Another Republican hatchet job

The latest leaked charges against Al Gore are more the product of partisan politics than any new hard evidence.

Jun 24, 2000 | As we ought to have learned from costly experience with the failed Whitewater, travel office and FBI files investigations, illegal leaks and partisan rhetoric can make headlines but they can't make a case. Of course, that doesn't matter much to the Republicans who are so nakedly scheming to bully Attorney General Janet Reno into naming a special counsel to investigate Al Gore. He is the Democratic nominee for president and they will deploy any tactic to discredit him.

Until we learn what "new evidence," if any, exists to support Justice Department attorney Robert Conrad's preliminary recommendation for a special prosecutor, the current flap is nothing more than a tired rerun of an old flop. Without fresh proof of wrongdoing, there is no more reason today than there was two years ago to believe that Vice President Gore raised funds illegally during the 1996 campaign -- or that he lied about the controversy later.

In fact, as Roger Parloff pointed out in an exhaustive analysis published by American Lawyer last month, the case against Gore has grown weaker rather than stronger. The successful prosecutions of Democratic fundraisers, including the chief organizer of the famed Buddhist temple event, have turned up no testimony or documentation implicating Gore in the illegal contributions to the 1996 Democratic campaign.

Quite the reverse: Everything on the public record so far indicates that Gore thought he was attending a "community outreach event" at the temple, not a fundraiser. That key distinction was blurred in a screw-up by Democratic activists who canceled a separately scheduled fundraiser at the last minute and mistakenly merged the two events. So in the absence of proof to the contrary, the fair presumption remains that the vice president spoke truthfully when he said he knew of no effort to collect money from Buddhist nuns, let alone about any scheme to funnel contributions through them in defiance of federal law.

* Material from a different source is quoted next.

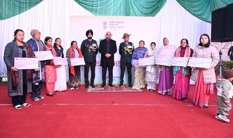 यस अवसरमा कार्यवाहक राजदूत पाण्डेले भारतीय सशस्त्र बलका दिवंगत सैनिकका श्रीमती तथा निकटतम नातेदारहरूलाई सम्मान गर्दै कुल ७ करोड २० लाख नेपाली रुपैयाँ बराबरका आर्मी ग्रुप इन्स्योरेन्स फन्ड (एजीआईएफ) का चेकहरू हस्तान्तरण गरे ।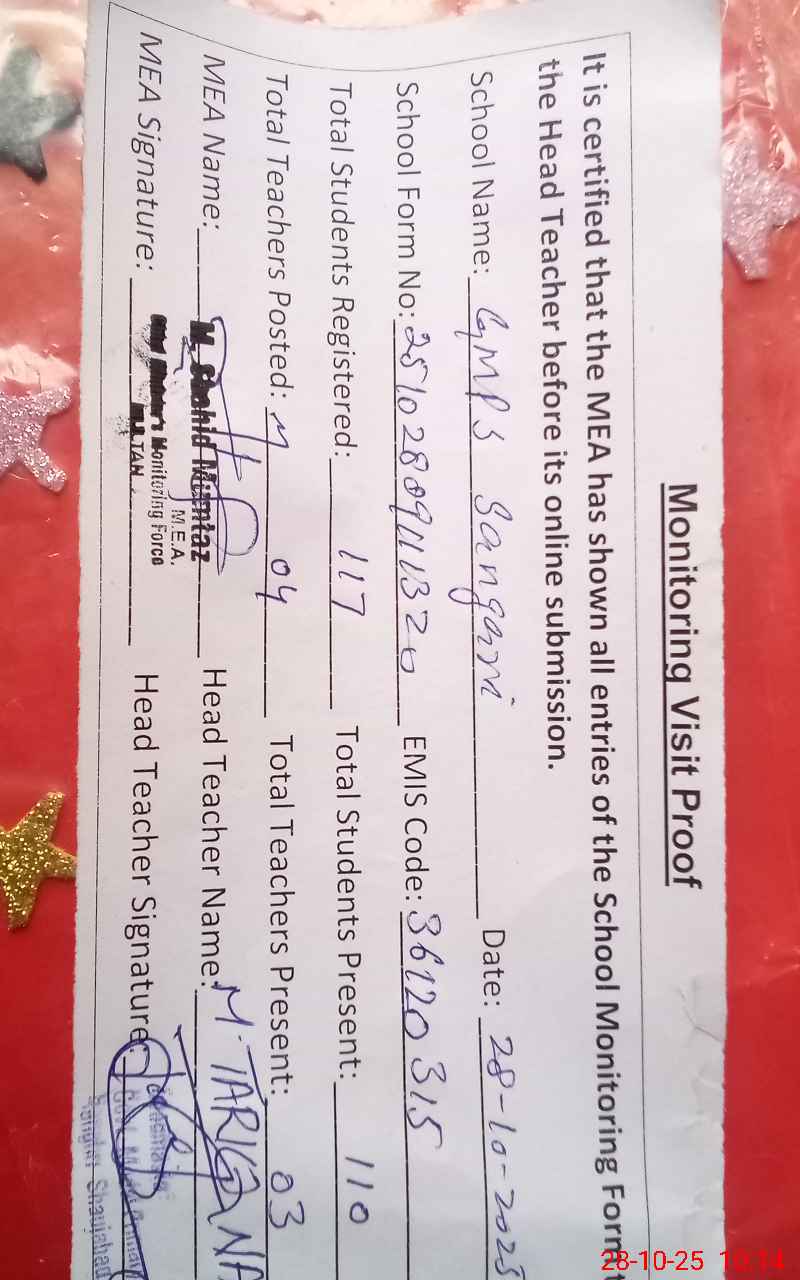 | EMIS Code: 36120315 | Name of School: GMPS SANGRI SHUJABAD DISTT. MULTAN | |||

The second relevant question for the Justice investigators concerned whether Gore knowingly raised "hard money" as well as "soft money" when he called Democratic contributors from his office. Conceivably, his fundraising calls to party fat cats might have violated the Pendleton Act, a little-used 1883 statute designed to prevent shakedowns of federal employees by elected officials. As yet we have seen nothing new on that score, either. At worst Gore's conduct constituted, as FBI director Louis Freeh acknowledged in his own confidential memo urging the attorney general to appoint an independent prosecutor, a "technical violation."

Now, unable to establish that Gore did in fact break the law, certain unnamed Justice officials have told reporters that they think the vice president lied about his knowledge and action. They are pumping insinuations of perjury into the highly receptive news media. But again, the evidence to support a perjury investigation of the vice president is thin and ambiguous, according to memos provided to Reno by senior officials at Justice.